-- Records contained in a dataset --
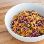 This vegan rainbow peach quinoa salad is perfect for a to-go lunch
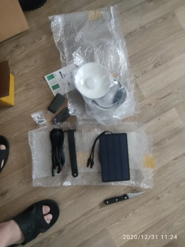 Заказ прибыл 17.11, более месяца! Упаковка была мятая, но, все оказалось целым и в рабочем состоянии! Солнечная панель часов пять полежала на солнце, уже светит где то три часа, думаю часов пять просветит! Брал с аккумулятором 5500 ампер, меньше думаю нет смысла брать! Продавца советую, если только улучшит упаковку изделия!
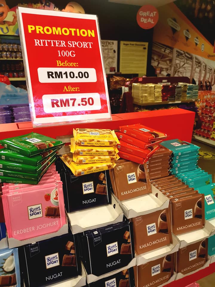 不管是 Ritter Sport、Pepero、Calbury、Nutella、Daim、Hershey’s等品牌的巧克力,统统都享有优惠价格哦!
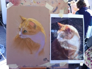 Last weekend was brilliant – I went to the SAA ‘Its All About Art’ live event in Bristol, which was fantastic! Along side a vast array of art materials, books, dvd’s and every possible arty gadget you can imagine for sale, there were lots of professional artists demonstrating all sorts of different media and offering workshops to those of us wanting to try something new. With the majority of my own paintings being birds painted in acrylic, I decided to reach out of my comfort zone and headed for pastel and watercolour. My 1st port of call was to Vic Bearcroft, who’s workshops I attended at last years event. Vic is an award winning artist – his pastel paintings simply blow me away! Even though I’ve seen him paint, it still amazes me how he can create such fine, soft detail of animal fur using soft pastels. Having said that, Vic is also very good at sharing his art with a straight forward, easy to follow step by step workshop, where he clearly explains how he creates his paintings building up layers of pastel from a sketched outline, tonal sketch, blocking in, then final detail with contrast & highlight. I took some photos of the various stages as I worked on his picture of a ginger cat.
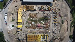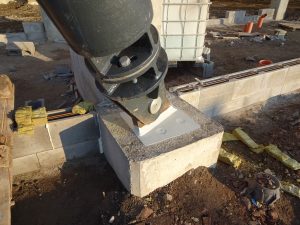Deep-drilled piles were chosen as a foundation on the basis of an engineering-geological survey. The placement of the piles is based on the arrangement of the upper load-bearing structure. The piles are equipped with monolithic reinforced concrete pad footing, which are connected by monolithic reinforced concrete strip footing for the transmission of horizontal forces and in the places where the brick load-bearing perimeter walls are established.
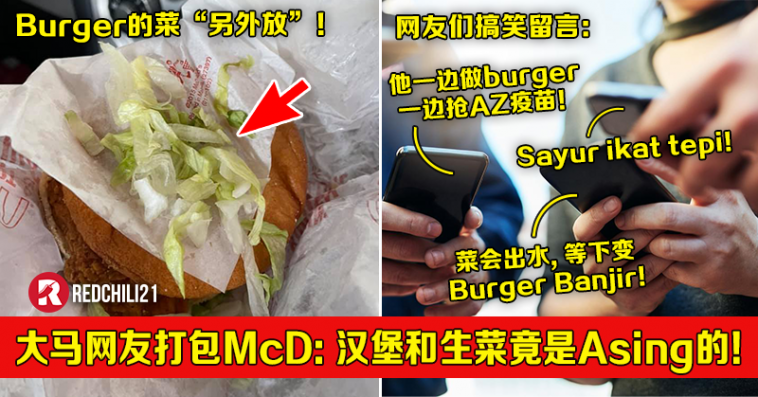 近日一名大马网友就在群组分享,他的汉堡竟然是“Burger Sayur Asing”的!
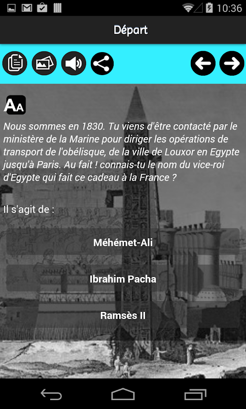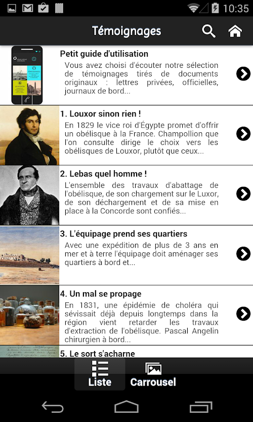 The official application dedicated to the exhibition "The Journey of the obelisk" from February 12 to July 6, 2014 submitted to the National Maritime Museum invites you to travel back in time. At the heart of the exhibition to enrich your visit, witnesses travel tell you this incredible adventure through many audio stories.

--

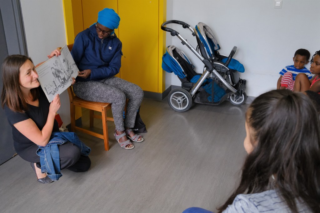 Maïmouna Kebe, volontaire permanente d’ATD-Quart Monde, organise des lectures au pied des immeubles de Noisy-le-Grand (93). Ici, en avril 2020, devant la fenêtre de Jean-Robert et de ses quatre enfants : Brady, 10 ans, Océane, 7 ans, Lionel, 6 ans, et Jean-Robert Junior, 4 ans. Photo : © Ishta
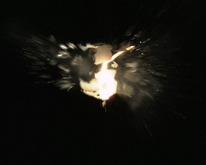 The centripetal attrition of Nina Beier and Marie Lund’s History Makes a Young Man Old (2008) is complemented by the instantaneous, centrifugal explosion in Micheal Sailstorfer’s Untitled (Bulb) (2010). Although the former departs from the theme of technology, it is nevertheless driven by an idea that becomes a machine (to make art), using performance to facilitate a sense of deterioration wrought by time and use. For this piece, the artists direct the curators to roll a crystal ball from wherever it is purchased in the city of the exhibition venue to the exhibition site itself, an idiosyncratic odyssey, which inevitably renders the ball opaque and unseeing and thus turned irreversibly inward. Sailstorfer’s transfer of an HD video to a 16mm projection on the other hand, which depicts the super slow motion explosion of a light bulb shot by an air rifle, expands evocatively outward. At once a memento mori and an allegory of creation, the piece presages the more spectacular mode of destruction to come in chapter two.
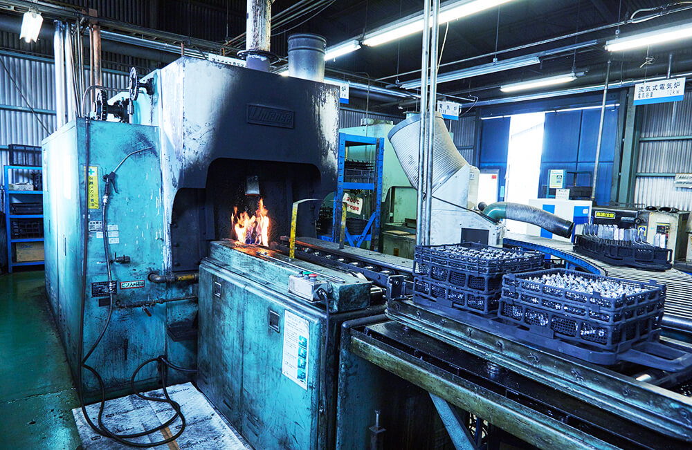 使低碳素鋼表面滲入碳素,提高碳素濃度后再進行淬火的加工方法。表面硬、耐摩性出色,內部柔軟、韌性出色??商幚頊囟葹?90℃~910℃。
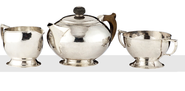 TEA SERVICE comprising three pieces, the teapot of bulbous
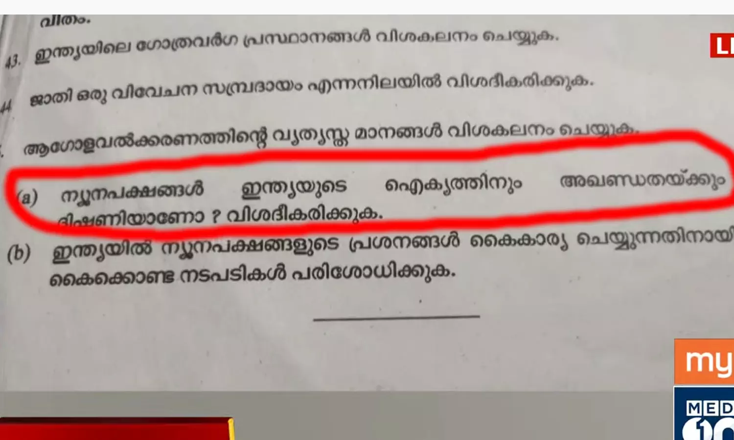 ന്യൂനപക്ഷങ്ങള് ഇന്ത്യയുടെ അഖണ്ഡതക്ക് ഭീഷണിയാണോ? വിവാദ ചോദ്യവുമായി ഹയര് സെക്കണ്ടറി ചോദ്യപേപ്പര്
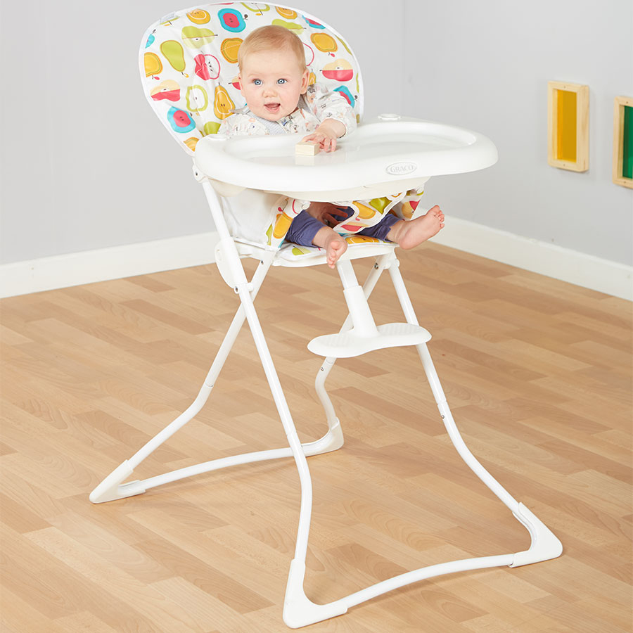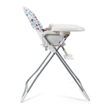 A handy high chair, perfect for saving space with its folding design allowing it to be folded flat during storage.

-- What to produce --
When copying from the data above, begin at the line containing "This vegan rainbow" and end at the line containing "Заказ прибыл 17.11, более"; return those lines exactly and leave all pictures behind.

-- Output for this task --
 This vegan rainbow peach quinoa salad is perfect for a to-go lunch
 Заказ прибыл 17.11, более месяца! Упаковка была мятая, но, все оказалось целым и в рабочем состоянии! Солнечная панель часов пять полежала на солнце, уже светит где то три часа, думаю часов пять просветит! Брал с аккумулятором 5500 ампер, меньше думаю нет смысла брать! Продавца советую, если только улучшит упаковку изделия!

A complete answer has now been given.